Георг не мог прийти в себя от изумления.
— Разве вы никогда не видели цыганок с трубками? — Элени смотрела лукаво.
Он онемел. Цыганок? Это намек? Это она была в Стамбуле?!
Адони принес трубку, и Элени коснулась чубука губами. Это движение было настолько чувственным и вызывающим, что Георг невольно заерзал на стуле. А она то разжимала губы, то снова обхватывала ими чубук, иногда посасывая его. Смотреть на это было невыносимо…
Георг слышал, что в некоторых странах есть женщины, которые ласкают мужчину губами. Ему не приходилось этого испытывать, но моряки, которых он знал, рассказывали, что это потрясающее ощущение.

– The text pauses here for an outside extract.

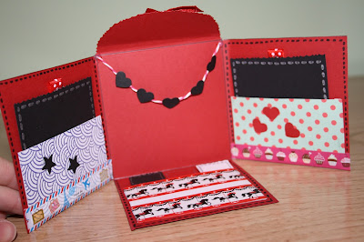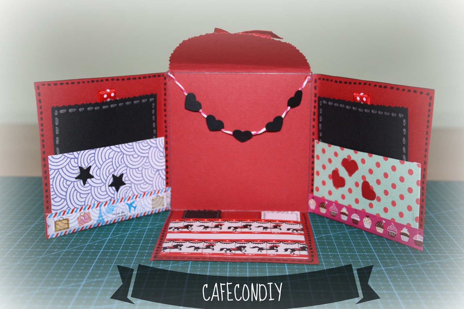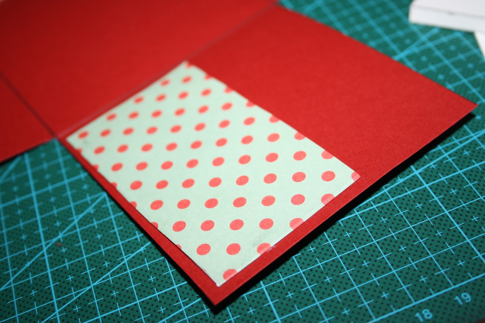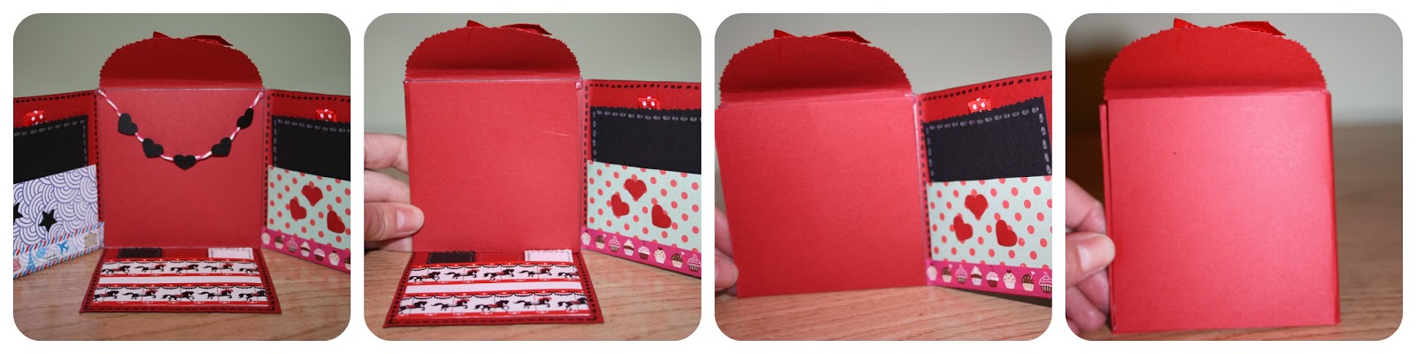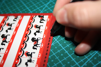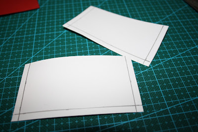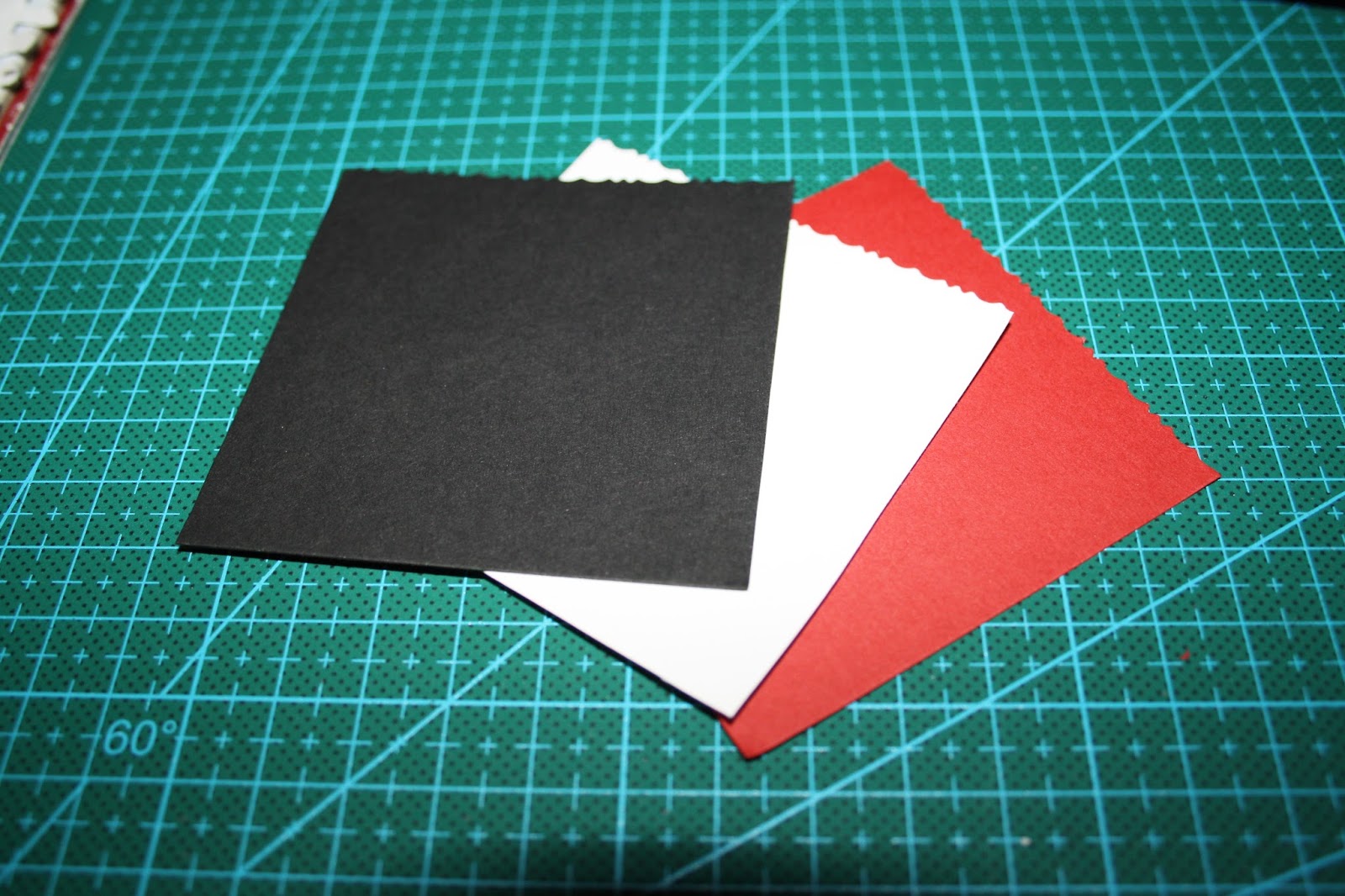 Haremos otros tres cuadrados de 7 x 7 cms. Esta vez he mezclado rojo, negro y blanco. Y a estos cuadrados les haremos una hendidura en la parte superior de 2,33 x 1,5 cms de profundidad. Las hendiduras quedarán correlativas.

Мавромихалис вдруг закашлялся и отложил трубку. А Георг даже не начинал курить, он только и мог, что смотреть на Элени. Вдруг она встала и, подхватив подол амазонки, двинулась к лестнице.

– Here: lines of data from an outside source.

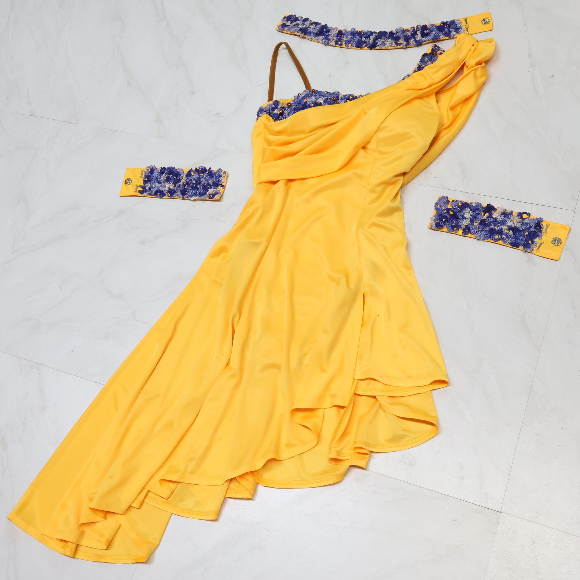 #社交ダンス衣装 #ラテンドレス #イエロー #ブルー #花飾り #チョーカー #ブレスレット #水色 #日本製 #ダンス衣装販売 #中古ダンス衣装 #ダンスコスチューム #ステージ衣装 #ダンスファッション #ダンスウェア #ダンススタイル #ダンスパフォーマンス #ダンスイベント #ダンスパートナー #ダンスレッスン #ダンスショー#ENUTSU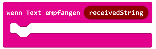 Der Lampen-Calliope ist der Empfänger. Mithilfe des Blocks wenn Text empfangen receivedString lauscht der Calliope, ob in seiner Funkgruppe Nachrichten eintreffen. Den Inhalt der Nachricht speichert er in der Variablen receivedString. Das bedeutet so viel wie empfangener Text. Den Block für die Variable receivedString kannst du einfach aus dem wenn Text empfangen-Block an eine andere Stelle im Programm ziehen, um eine Kopie des Blocks zu erhalten. Je nachdem, was in der Nachricht steht, kann der Lampen-Calliope nun reagieren. Wir prüfen, ob in der Variablen receivedString der Wert „an*"* steht. Wenn das der Fall ist, dann schalten wir die Lampe an. Verwende für den Vergleich den Block für den Vergleich von Texten. Du erkennst ihn an den Anführungszeichen in den weißen Feldern.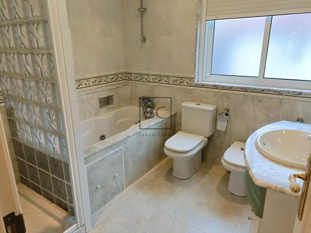 Planta primera: Desde ese hall en la planta baja tendremos acceso a las escaleras que nos llevarán a su zona de descanso en el primer piso donde veremos un baño con plato de ducha y su columna de hidromasaje, cuatro habitaciones dobles llenas de luz natural, una de ellas con armario empotrado y baño propio con plato de ducha y bañera de hidromasaje.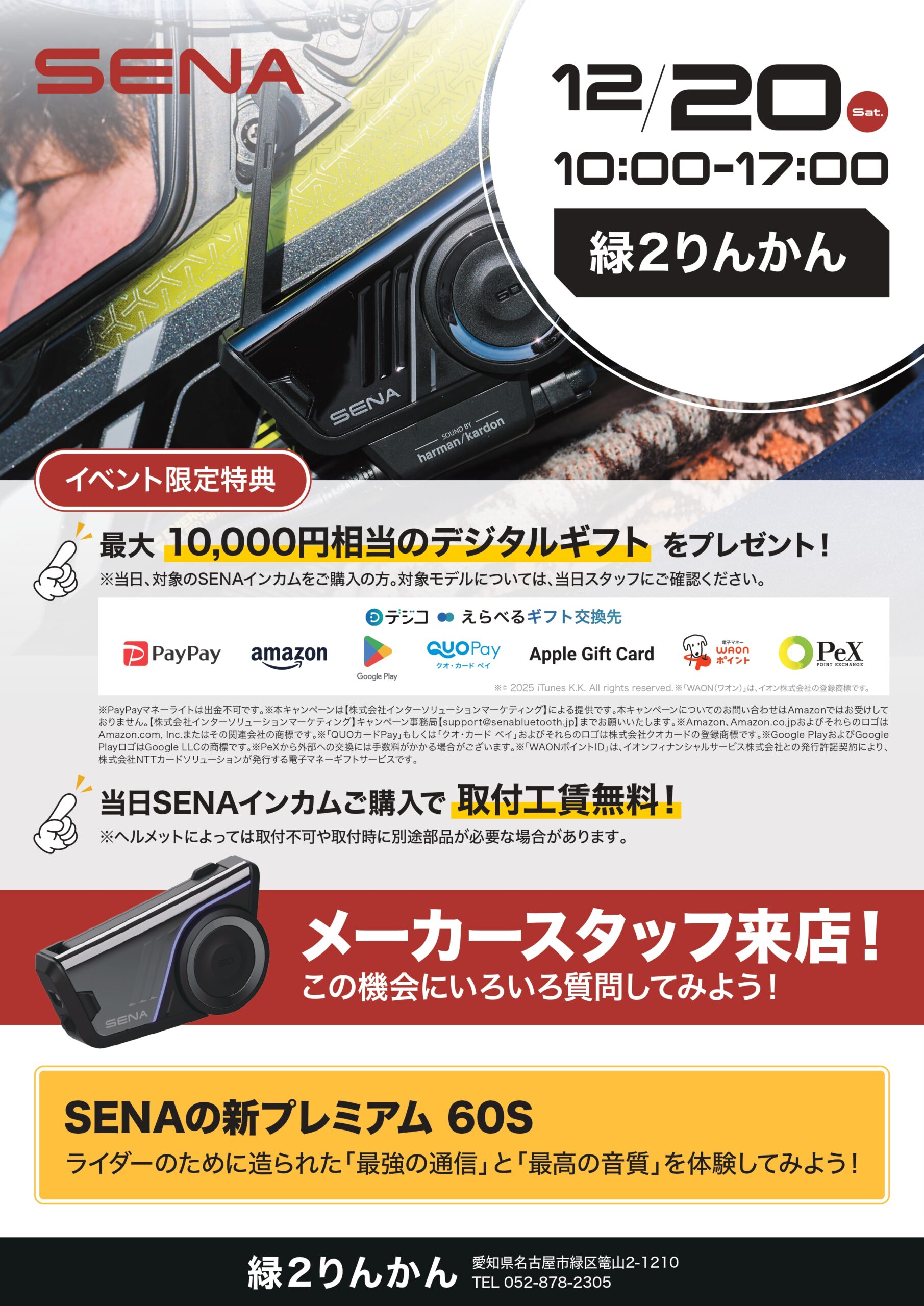 当日はSENAインカムのエキスパートスタッフが来店。イベント当日は、話題の最新モデルの展示から、様々なラインナップをご用意。お客様の要望を叶えるピッタリな一台を見つけてください。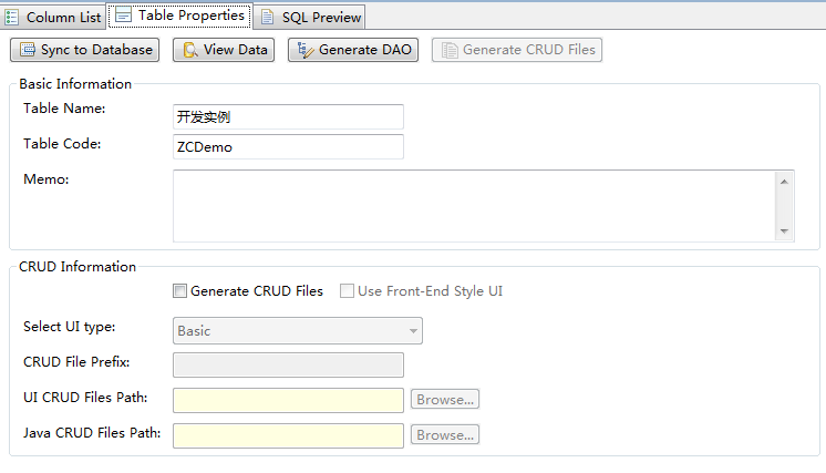 4) Generate CRUD Files生成当前表的增删改查文件,通常我们这个按钮默认是不可用的,因为如果我们需要让工具自动生成表数据的赠删改查还需要作更进一步的配置,当我们勾选了Generate CRUD Files时,这个按钮会变得可用。

— Госпожа, моего брата нет дома! — воскликнул Адони.
— Я не верю, я должна сама посмотреть…
— Не мешай, мальчишка, — буркнул Мавромихалис. — Или ты забыл, кто я? Как бы твой брат еще сильнее не разболелся!

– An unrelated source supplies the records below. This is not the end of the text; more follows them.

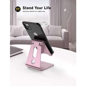 Adjustable Cell Phone Stand - Lamicall Phone Desk Holder, Cradle, Dock, Compatible with iPhone 12 Mini 11 Pro Xs Max XR X 8 7 6 Plus SE Charging, Desktop Accessories - Rose Gold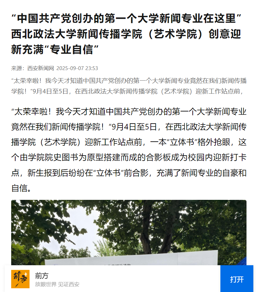 【华商网】西北政法大学新闻传播学院迎新:为新生开启特别入学之旅:https://news.hsw.cn/system/2025/0907/1871103.shtml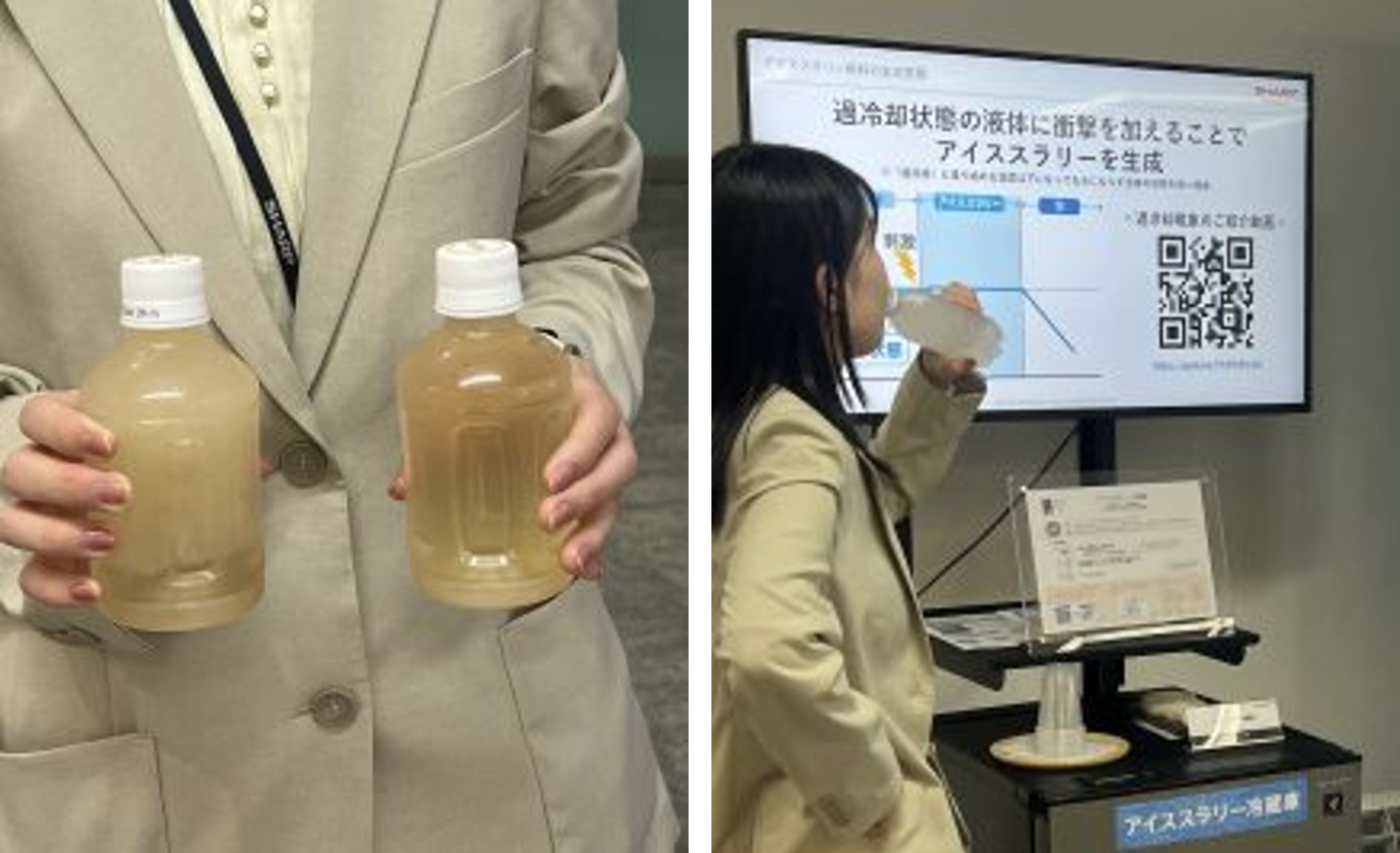 アイススラリー冷蔵庫は、シャープの法人向けショールーム「3×3 Hub」に展示(※)しています。試飲していただくこともできます。液体よりも早く身体を冷やすことを実感してください。アイススラリーを作る独自技術や作り方などもご紹介させていただきます。

Адони зыркнул исподлобья, строптиво дернулся, но тотчас покорно наклонил голову и принялся ожесточенно протирать прилавок.
Георг почувствовал себя неловко. Похоже, Мавромихадис ненавидел этого Васили. Но почему они тогда приехали в его кафенес? Разве других нет? Ему стало неуютно, захотелось уйти.
— Хотите увидеть, как живет бывший клефт? — обернулась Элени. — Мы только взглянем и уйдем, — добавила она, покосившись на Адони. — Твой брат позволил бы нам, я знаю.
Мальчик не поднял головы.
Элени шла впереди. Георг, моряк, для которого свято правило, что по лестнице — тем более на корабле — женщина всегда должна идти за мужчиной, чтобы он не мог даже нечаянно заглянуть ей под юбку, следовал за ней, не отрывая глаз от высоко поднятого подола и загорелых ног. Сначала ему показалось, что на Элени надеты чулки такого необычного цвета (он привык, что чулки на приличных дамах только белые… ну в ее принадлежности, вернее непринадлежности, к этому сословию он уже не сомневался!), потом понял, что ноги голые. Никаких нижних юбок тоже не было. Может быть, она и корсета не носит? Амазонка надета на голое тело?!